--- Dataset content Enclosed Below ---

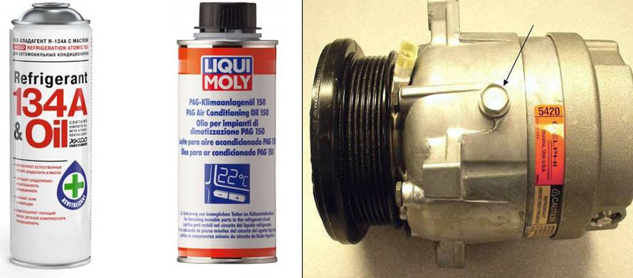 Ответ довольно прост — для заправки автомобильного кондиционера лучше использовать фреон с добавлением масла (такая информация указывается на баллончике с хладагентом), поскольку оно там уже дозировано. Но если, все же, предусмотрена отдельная заправка смазки, то следует использовать полиалкиленгликолевое масло – PAG (на фото по средине). Масло заливается в компрессор через картер (указано стрелкой на фото справа).
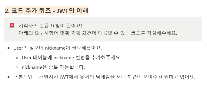 - User 테이블에 nickName 컬럼을 추가해주고 FE단에서 JWT를 이용해 nickName을 원하기에 토큰을 생성할때 nickName을 포함하도록 리팩토링하였다.
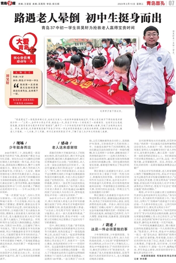 “我在度过了一场危险劫难之后,此刻正与家人一起安详和谐愉快地过节,可我心里总放不下那位扶危济困的少年……”上周一,全市中小学生开学,就在这一天,青岛37中初一1班收到了一封感谢信。这封用正红色纸张包裹、封面用隶书毛笔字书写的“感谢信”,揭开了一个少年扶危济困不留名的暖心故事,引起了全校师生的关注。原来,春节前,礼贤教育集团旗下青岛37中初一学生田昊轩路遇老人突发旧疾晕厥,关键时刻挺身而出,救老人于危难。一人兴善,万人可激。昨天记者来到青岛37中,了解了老人与少年之间的感人故事。

--- End of Enclosed Dataset content ---

Task
With the pictures left out, transcribe the material exactly.

Output for this task
 Ответ довольно прост — для заправки автомобильного кондиционера лучше использовать фреон с добавлением масла (такая информация указывается на баллончике с хладагентом), поскольку оно там уже дозировано. Но если, все же, предусмотрена отдельная заправка смазки, то следует использовать полиалкиленгликолевое масло – PAG (на фото по средине). Масло заливается в компрессор через картер (указано стрелкой на фото справа).
 - User 테이블에 nickName 컬럼을 추가해주고 FE단에서 JWT를 이용해 nickName을 원하기에 토큰을 생성할때 nickName을 포함하도록 리팩토링하였다.
 “我在度过了一场危险劫难之后,此刻正与家人一起安详和谐愉快地过节,可我心里总放不下那位扶危济困的少年……”上周一,全市中小学生开学,就在这一天,青岛37中初一1班收到了一封感谢信。这封用正红色纸张包裹、封面用隶书毛笔字书写的“感谢信”,揭开了一个少年扶危济困不留名的暖心故事,引起了全校师生的关注。原来,春节前,礼贤教育集团旗下青岛37中初一学生田昊轩路遇老人突发旧疾晕厥,关键时刻挺身而出,救老人于危难。一人兴善,万人可激。昨天记者来到青岛37中,了解了老人与少年之间的感人故事。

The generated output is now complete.